## TASK REQUIREMENTS
Your answer must be a word-for-word copy of the listing below, minus its pictures.

## SUPPLIED MATERIAL

▬▬▬▬▬▬

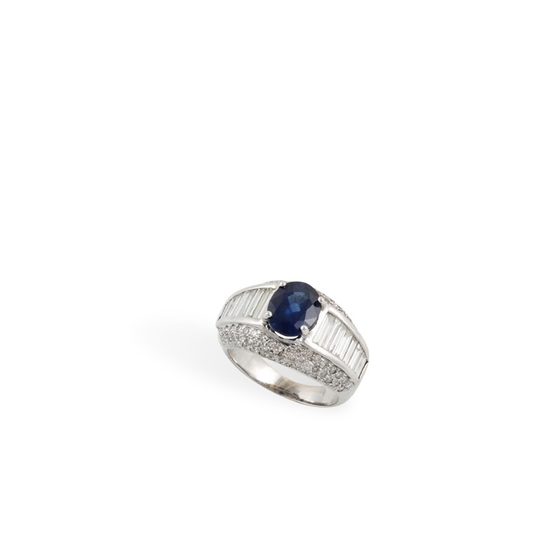 in oro bianco a fascia con diamanti baguettes laterali peso di 0,50 ct ca. e zaffiro ovale centrale del peso di 1,70 ct ca., gr. 6,4. Misura 8,5
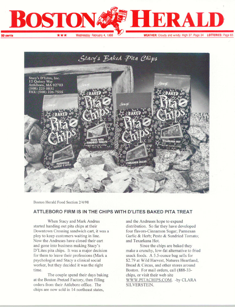 Please contact our Webmaster with questions or comments. © Copyright 1999 Stacy's Pita Chip Company, Inc. All rights reserved.
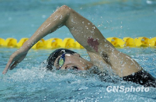 12月6日晚,第五届东亚运动会男子1500米自由泳决赛在香港九龙公园游泳池进行,中国选手孙杨一枝独秀,一路领先以14分58秒35夺冠,并打破张琳在2005年澳门东亚运动会创造上的赛会纪录。中新社发 盛佳鹏 摄
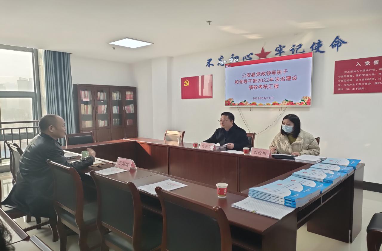 考核过程中,市委第五考核组全面依法治国考核小组听取了关于公安县委全面依法治县委员会办公室工作汇报,根据评分细则和规定对2022年度资料进行逐项核查,重点检阅了提高依法执政能力、加强法治政府建设、优化法治化营商环境、全力维护司法公正、推进法治社会建设等五项工作汇编资料,对公安县法治建设工作给予了充分肯定。考核组指出,要强化法治建设重要性认识,对于改革过程中的难点问题重点攻坚,进一步强化党政领导干部法治建设协调机制,提升法治宣传教育有效性和针对性,全面提升行政执法队伍法治素养,坚持用法治思维和法治方式推动县域经济发展。
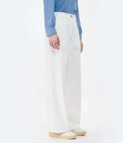 Pantalon en denim blanc. Taille haute avec passants pour ceinture. Fermeture par zip et bouton. Deux poches italiennes à l’avant et une poche passepoilée à l’arrière. Coupe large.
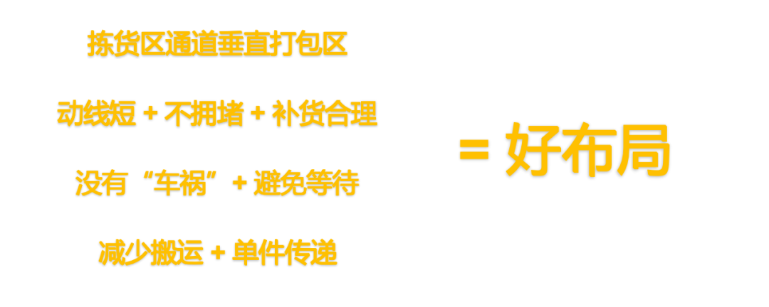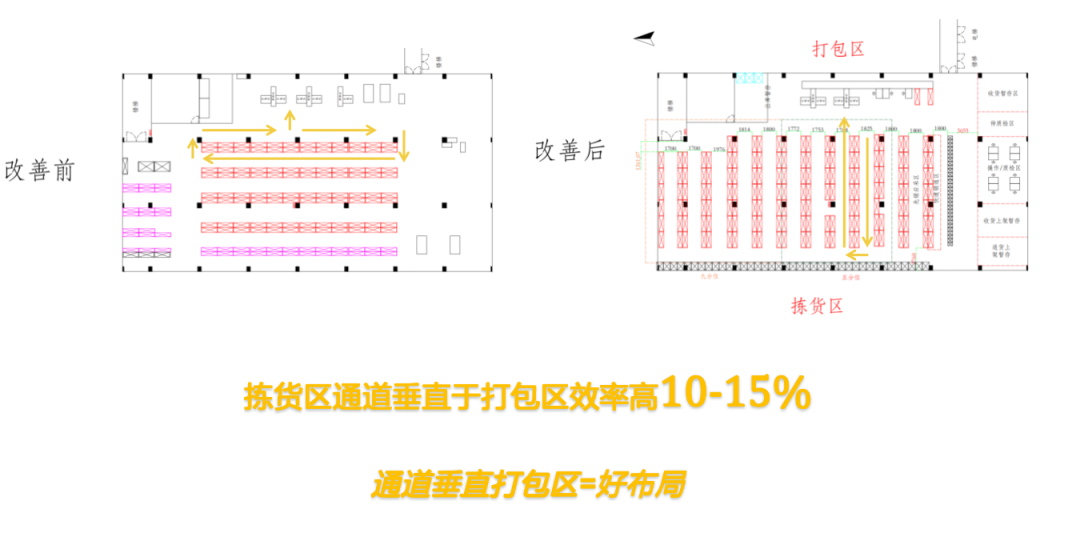 這里需要特別提醒倉庫管理者在設(shè)計通道的時候,尤其要注意揀貨通道的設(shè)計朝向,經(jīng)過數(shù)據(jù)測算,揀貨通道垂直于打包區(qū)為最佳通道朝向。

▬▬▬▬▬▬

## ANSWER BOX
 in oro bianco a fascia con diamanti baguettes laterali peso di 0,50 ct ca. e zaffiro ovale centrale del peso di 1,70 ct ca., gr. 6,4. Misura 8,5
 Please contact our Webmaster with questions or comments. © Copyright 1999 Stacy's Pita Chip Company, Inc. All rights reserved.
 12月6日晚,第五届东亚运动会男子1500米自由泳决赛在香港九龙公园游泳池进行,中国选手孙杨一枝独秀,一路领先以14分58秒35夺冠,并打破张琳在2005年澳门东亚运动会创造上的赛会纪录。中新社发 盛佳鹏 摄
 考核过程中,市委第五考核组全面依法治国考核小组听取了关于公安县委全面依法治县委员会办公室工作汇报,根据评分细则和规定对2022年度资料进行逐项核查,重点检阅了提高依法执政能力、加强法治政府建设、优化法治化营商环境、全力维护司法公正、推进法治社会建设等五项工作汇编资料,对公安县法治建设工作给予了充分肯定。考核组指出,要强化法治建设重要性认识,对于改革过程中的难点问题重点攻坚,进一步强化党政领导干部法治建设协调机制,提升法治宣传教育有效性和针对性,全面提升行政执法队伍法治素养,坚持用法治思维和法治方式推动县域经济发展。
 Pantalon en denim blanc. Taille haute avec passants pour ceinture. Fermeture par zip et bouton. Deux poches italiennes à l’avant et une poche passepoilée à l’arrière. Coupe large.
 這里需要特別提醒倉庫管理者在設(shè)計通道的時候,尤其要注意揀貨通道的設(shè)計朝向,經(jīng)過數(shù)據(jù)測算,揀貨通道垂直于打包區(qū)為最佳通道朝向。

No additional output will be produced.